Why I’m Not Ready to Trust BiomeJS (Yet)

I tried BiomeJS recently and honestly—I couldn’t fall in love with it.

Sure, it’s blazing fast, written in Rust, and promises to replace ESLint + Prettier in one shot. But the reality wasn’t that smooth:

  • It feels too opinionated. Instead of fitting into my workflow, it wanted me to adapt to its rules and defaults.

  • Speed is nice (I’ve seen people lint hundreds of files in milliseconds), but in my projects performance bottlenecks rarely come from linting. What matters more is flexibility and ecosystem support.

  • The maturity isn’t there yet.
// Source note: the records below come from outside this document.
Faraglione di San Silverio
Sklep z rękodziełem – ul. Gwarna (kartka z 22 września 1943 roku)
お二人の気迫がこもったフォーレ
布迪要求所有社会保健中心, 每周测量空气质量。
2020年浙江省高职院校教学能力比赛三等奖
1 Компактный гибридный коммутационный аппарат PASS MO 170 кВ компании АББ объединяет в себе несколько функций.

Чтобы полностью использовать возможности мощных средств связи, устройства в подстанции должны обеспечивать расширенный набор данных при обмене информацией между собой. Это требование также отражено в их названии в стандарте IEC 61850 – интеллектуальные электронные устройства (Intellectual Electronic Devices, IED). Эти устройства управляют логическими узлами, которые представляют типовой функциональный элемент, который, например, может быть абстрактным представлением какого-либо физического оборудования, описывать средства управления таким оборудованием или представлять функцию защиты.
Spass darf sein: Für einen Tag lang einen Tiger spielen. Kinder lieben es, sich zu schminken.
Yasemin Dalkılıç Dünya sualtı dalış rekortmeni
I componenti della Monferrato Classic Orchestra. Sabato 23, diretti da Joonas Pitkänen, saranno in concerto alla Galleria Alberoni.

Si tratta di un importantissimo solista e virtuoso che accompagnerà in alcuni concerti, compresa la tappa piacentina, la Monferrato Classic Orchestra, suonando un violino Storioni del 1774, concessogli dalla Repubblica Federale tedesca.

If I run into an edge case or need a plugin, Biome doesn’t give me the same safety net that a stable, well-adopted toolchain does.
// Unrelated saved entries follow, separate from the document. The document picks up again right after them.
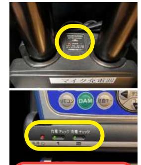
充電台の各ランプ （しっかり嵌め込んでください）

カラオケ終了後はタブレット、マイクは充電台へお戻しください。 お戻しの際は充電ランプ点灯をお確かめください。 （赤ランプ = 充電中 / 緑ランプ = 使用可能）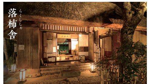
落柿舎 らくしきしゃ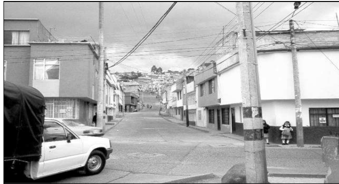
FOTO No. 2 Calle Principal Barrio Santa Fe I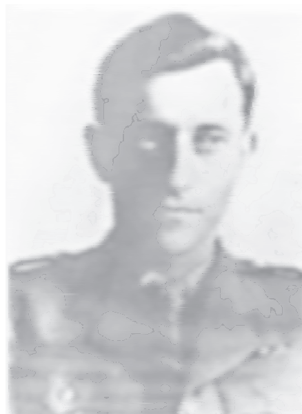
Roman Zambrowski (właśc. Rubin Nussbaum), przewodniczący Komisji Specjalnej w latach 1945-1954 http://pl.wikipedia.org/wiki/ Roman_Zambrowski [dostęp: 2008.02.25].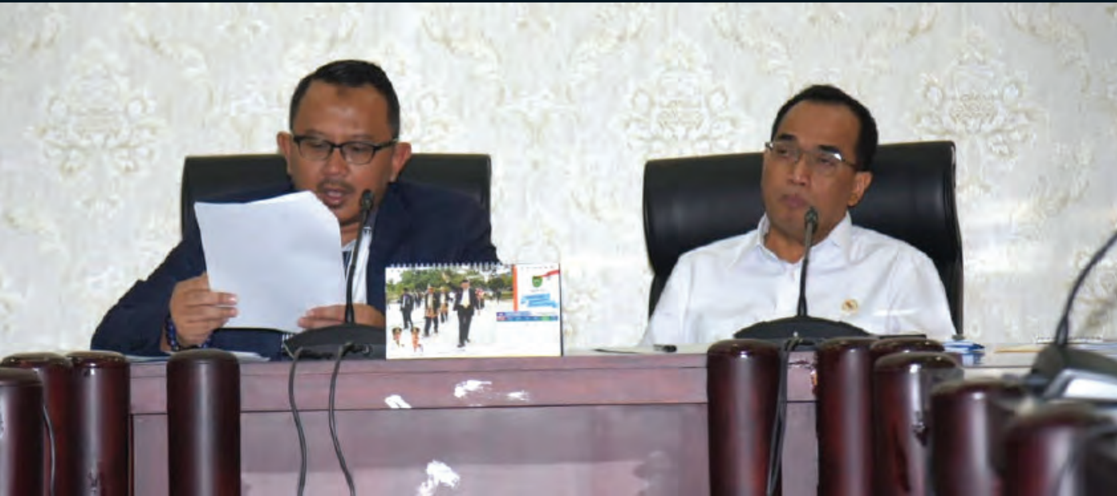
Pimpinan Komisi V Anton Sukartono Suratno bersama Menteri Perhubungan saat kunjungan di Sumatera Selatan terkait persiapan infrastruktur lebaran tahun 2019 24 Mei 2019

  • Migration also isn’t as seamless as it sounds. Rewriting configs, figuring out which rules match what—I’d rather not burn hours just to get back to where I already was.

Funny enough, even ESLint’s latest releases remind me of this balance. They’ve added flat configs, better defaults, even multithreaded linting—but those changes showed me how much ecosystem readiness matters. A shiny new config system doesn’t help if plugins and tools aren’t ready to support it.

So for now, I’m staying with the “boring but reliable” stack. BiomeJS looks promising, and I’ll keep an eye on it. But until it feels stable enough to trust in production, I’m not ready to make it my team’s daily driver.

Sometimes boring tools are exactly what you need to keep shipping.